Task instructions: Everything in the data gets repeated exactly, except for the pictures.

Available data:
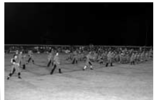
親子でいっしょに踊ります
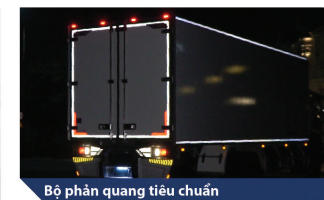
Bộ phận quang tiêu chuẩn
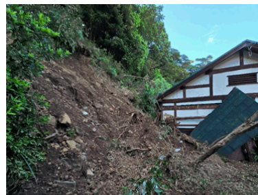
がけ崩れの被害状況（熱海市下多賀）

Your solution:
親子でいっしょに踊ります
Bộ phận quang tiêu chuẩn
がけ崩れの被害状況（熱海市下多賀）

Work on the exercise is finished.